Alderman on the Edmonton Town Council
- In office January 3, 1893 – January 2, 1894
- In office December 14, 1896 – December 10, 1900

Alderman on the Edmonton City Council
- In office December 12, 1904 – 1905

Personal details
- Born: September 7, 1858 Port Elgin, Canada West
- Died: July 27, 1940 (aged 81) Vancouver, British Columbia
- Spouse(s): Anne Logar Lauder (d. 1927), Mary Belle McKinnon
- Children: 9
- Occupation: Builder

= Kenneth McLeod =

Canadian politician (1858–1940)

Kenneth Archibald McLeod (September 7, 1858 - July 27, 1940), was a politician in Alberta, Canada and a municipal councillor in Edmonton. He was also the builder of the McLeod Building, Edmonton's first skyscraper.

==Early life and career==
McLeod was born September 7, 1858, in Port Elgin, Canada West. His family moved to Kansas in 1870 and homesteaded near Solomon three years before moving to Lynchburg, Virginia.

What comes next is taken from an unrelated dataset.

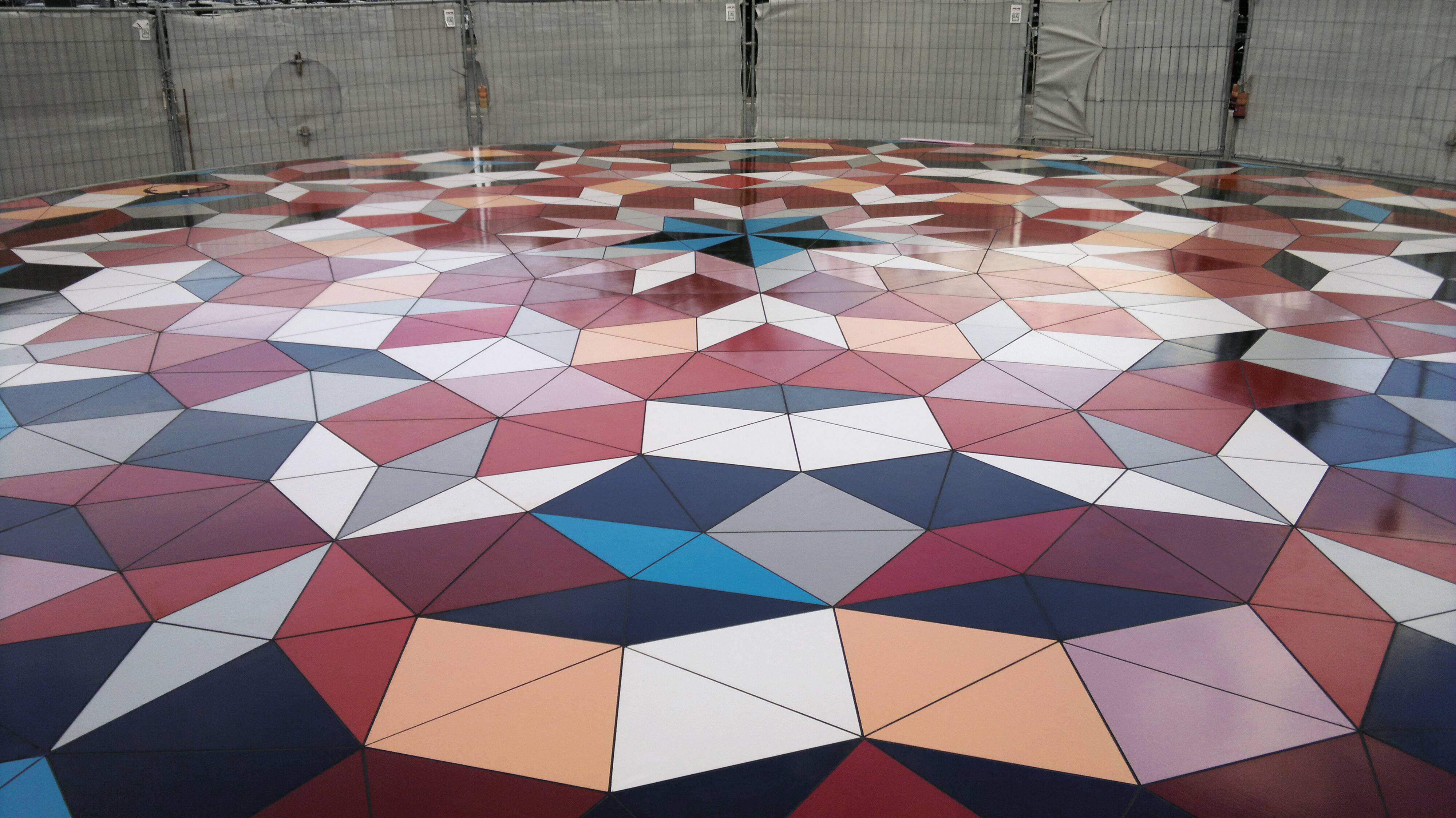 Denn grundsätzlich sind Fliesen der ideale Belag für ein solches Projekt – sofern die Konstruktion ausreichend entwässert wird. Und genau hier lag die Herausforderung von Reglis Kunstwerk. Der Unterbau des Mandalas besteht aus einer Schottertragschicht, auf der ein Ortbeton im Gefälle eingebaut wurde. Eingefasst wird das Ganze von einem Betonring aus sechs vorgefertigten Elementen. Mit 1,2 % lag das Gefälle unter den laut SIA-Norm geforderten 1,5%. Hinzu kamen 732 Meter Fugen. Durch diesen hohen Fugenanteil musste mit einem erhöhten Eintrag von Sickerwasser gerechnet werden. Zwei weitere kritische Punkte: Zum einen konnte der Drainmörtel nicht direkt auf dem Beton aufgebracht werden – Drainmörtel alleine sind nicht kapillarbrechend, das heißt Stauwasser steigt im Mörtel auf und hätte innerhalb kürzester Zeit zu Ausblühungen in den Fugen geführt. Zum anderen durfte die Entwässerung auf keinen Fall sichtbar sein. Denn das hätte den Gesamteindruck des Kunstwerks massiv beeinträchtigt. Aufgrund dieser Anforderungen kam schließlich die Flächendrainage AquaDrain EK von Gutjahr zu ihrem „künstlerischen“ Einsatz – für Martin Smid vom Verarbeitungsbetrieb HESS AG LIESTAL eine perfekte Lösung. „Zur Sicherheit haben wir aber bei Gutjahr nachgefragt, ob die Verlegung auch unter diesen Umständen möglich ist.“ Der Entwässerungsspezialist konnte guten Gewissens zustimmen. „Die unter dem Mandala verlegte Flächendrainage AquaDrain EK mit 16 mm Höhe behält ihre volle Funktionsfähigkeit schon bei einem Gefälle von 1,0 %. Wichtig ist nur, dass sich keine Pfützen mit mehr als 12 mm stehendem Wasser bilden“, sagt Gutjahr-Geschäftsführer Ralph Johann. Lösung: Hochleistungsdrainage

McLeod worked with his father in the lumber and construction businesses.

In 1879, he moved to Winnipeg, where he stayed for two years before setting out for Edmonton August 5, 1881. His journey was on foot, in the company of two other men with three oxen, three Red River carts, a buckboard, and a pony. After ninety-one days of travel, he arrived in Edmonton November 3.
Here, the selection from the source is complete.